Recently, however, a team in their non-profit division turned their brainpower towards a different end: analyzing the achievement gap. Last month they published their findings in a report. Chock full of data, the report also has some surprising insights into the gap’s impact on our nation’s economy, as well as some new evidence suggesting that the gap can be closed.
 McKinsey's new report The single most fascinating piece of the report is a model of the economic effects of the achievement gap. According to McKinsey’s calculations, closing the black/white and Latino/white achievement gaps would raise the United States GDP by 2-4%. That’s $310-525 billion – bigger than the US recession of the early 1980s. Closing the low-income student/high-income student achievement gap would boost the economy even more: $400-670 billion. And closing the international gap – raising our kids’ performance to levels of students in Finland or Korea – would expand the economy by an incredible $1.3 – $2.3 trillion, a change in GDP much larger than the recession we’re in right now. To give you some perspective, Obama’s economic stimulus package is only $787 billion.

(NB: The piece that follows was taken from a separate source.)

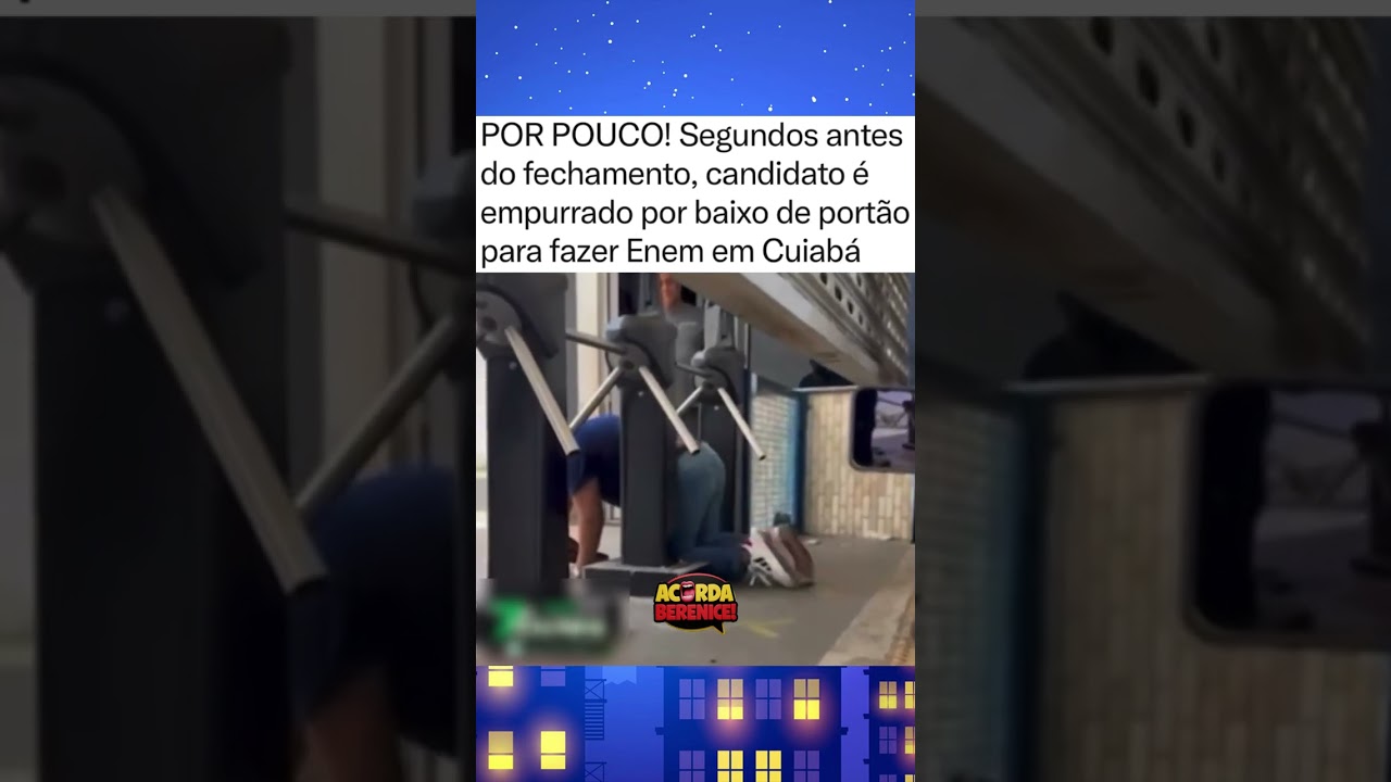 Segundos antes do fechamento, candidato é empurrado por baixo do portão para fazer o Enem em Cuiabá.

In describing the economic impact of these gaps, the McKinsey folks don’t mince words. According to their calculations, the combined impact of the achievement gaps, “imposes on the United States the economic equivalent of a permanent national recession.” That’s deep.
In addition to examining dollar signs, the McKinsey folks also slice and dice the test score data. Unfortunately, some of their findings reiterate the bad news we’ve heard for years. Black and Latino students tend to be two to three years behind white students of the same age. The average poor black fourth grader in Washington, DC, is five years behind the average non-poor white fourth grader in New Jersey.
However, their analysis of test scores also uncovers some new reasons for optimism. Incredibly, from a national perspective, there are places where the racial achievement gap has closed. Latino eighth-graders in Ohio, for example, outperform white students from thirteen other states in reading; they’re seven points ahead of the national average. At least from the national perspective, these students, teachers, and families are closing the racial gap. In Texas, low-income black students perform at the same level as low-income white students in Alabama – not a high bar, but from a comparative perspective they, too, are closing the gap. These numbers, by the way are from the NAEP, a nationally standardized test that’s our best source of data for state-to-state comparisons.
This is fascinating news, as is a final conclusion the report reaches: schools make a difference. McKinsey found enormous disparities between schools and school districts, even when they served similar student populations. In Texas, one large, urban, 88% low-income middle school had its black students scoring at the 75th percentile statewide; another school with almost identical demographics scored at only the 22nd percentile. We know that poverty and race throw additional obstacles in kids’ paths; clearly, what’s going on in their classrooms and schools can help kids overcome them.